-- THE DATA follows --

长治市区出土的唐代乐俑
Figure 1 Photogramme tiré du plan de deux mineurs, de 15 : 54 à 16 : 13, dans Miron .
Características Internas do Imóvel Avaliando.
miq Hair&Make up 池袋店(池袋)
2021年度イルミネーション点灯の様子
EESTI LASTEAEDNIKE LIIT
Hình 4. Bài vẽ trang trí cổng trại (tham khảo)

-- THE DATA concluded --
-- THE DATA follows --

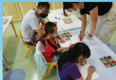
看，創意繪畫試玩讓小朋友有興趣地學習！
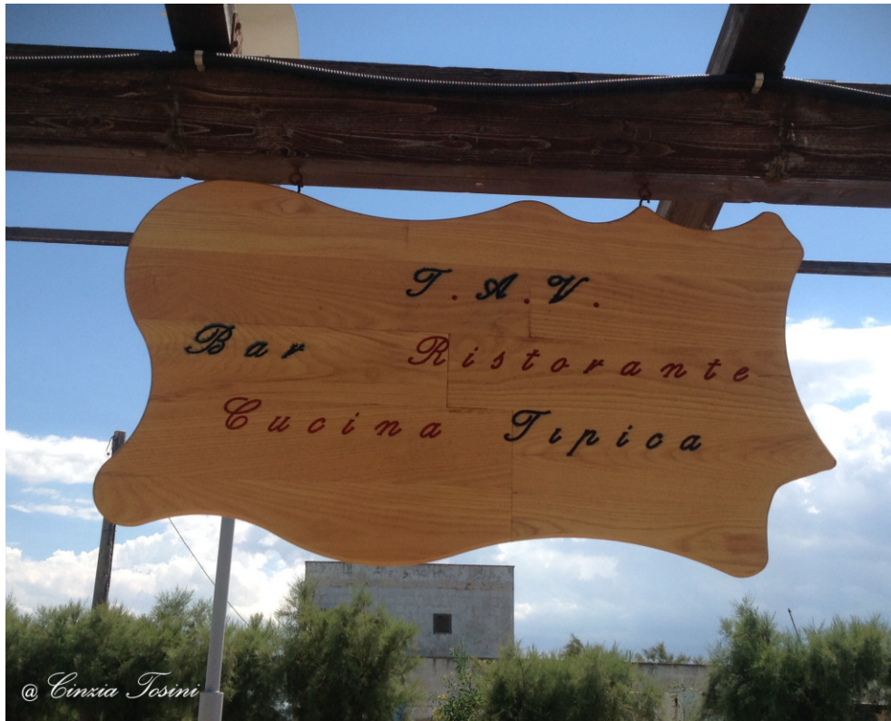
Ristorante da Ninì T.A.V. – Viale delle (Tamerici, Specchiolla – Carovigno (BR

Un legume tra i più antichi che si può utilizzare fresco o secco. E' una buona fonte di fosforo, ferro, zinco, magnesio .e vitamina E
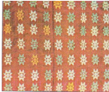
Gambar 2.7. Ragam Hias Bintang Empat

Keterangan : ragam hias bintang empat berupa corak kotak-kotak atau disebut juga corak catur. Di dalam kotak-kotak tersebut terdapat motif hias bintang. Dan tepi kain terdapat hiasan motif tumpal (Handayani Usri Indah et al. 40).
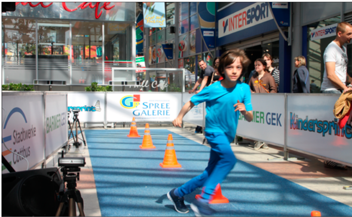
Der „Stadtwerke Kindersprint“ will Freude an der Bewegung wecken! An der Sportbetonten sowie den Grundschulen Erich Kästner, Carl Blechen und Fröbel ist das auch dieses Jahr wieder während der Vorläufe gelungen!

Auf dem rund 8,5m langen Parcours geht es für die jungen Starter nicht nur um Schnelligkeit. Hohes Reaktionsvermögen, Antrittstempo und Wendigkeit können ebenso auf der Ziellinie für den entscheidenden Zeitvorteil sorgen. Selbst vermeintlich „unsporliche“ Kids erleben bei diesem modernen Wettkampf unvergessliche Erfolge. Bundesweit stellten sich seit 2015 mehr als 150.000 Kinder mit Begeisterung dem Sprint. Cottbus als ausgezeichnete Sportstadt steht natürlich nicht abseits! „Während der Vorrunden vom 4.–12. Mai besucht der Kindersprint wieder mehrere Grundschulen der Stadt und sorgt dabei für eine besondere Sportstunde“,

-- THE DATA concluded --

## DIRECTIONS
Copy word for word the stretch of entries above from the line that has "Figure 1 Photogramme" through the line that has "Hình 4. Bài", both ends included, and nothing outside it.

## ANSWER TO THE PROBLEM
Figure 1 Photogramme tiré du plan de deux mineurs, de 15 : 54 à 16 : 13, dans Miron .
Características Internas do Imóvel Avaliando.
miq Hair&Make up 池袋店(池袋)
2021年度イルミネーション点灯の様子
EESTI LASTEAEDNIKE LIIT
Hình 4. Bài vẽ trang trí cổng trại (tham khảo)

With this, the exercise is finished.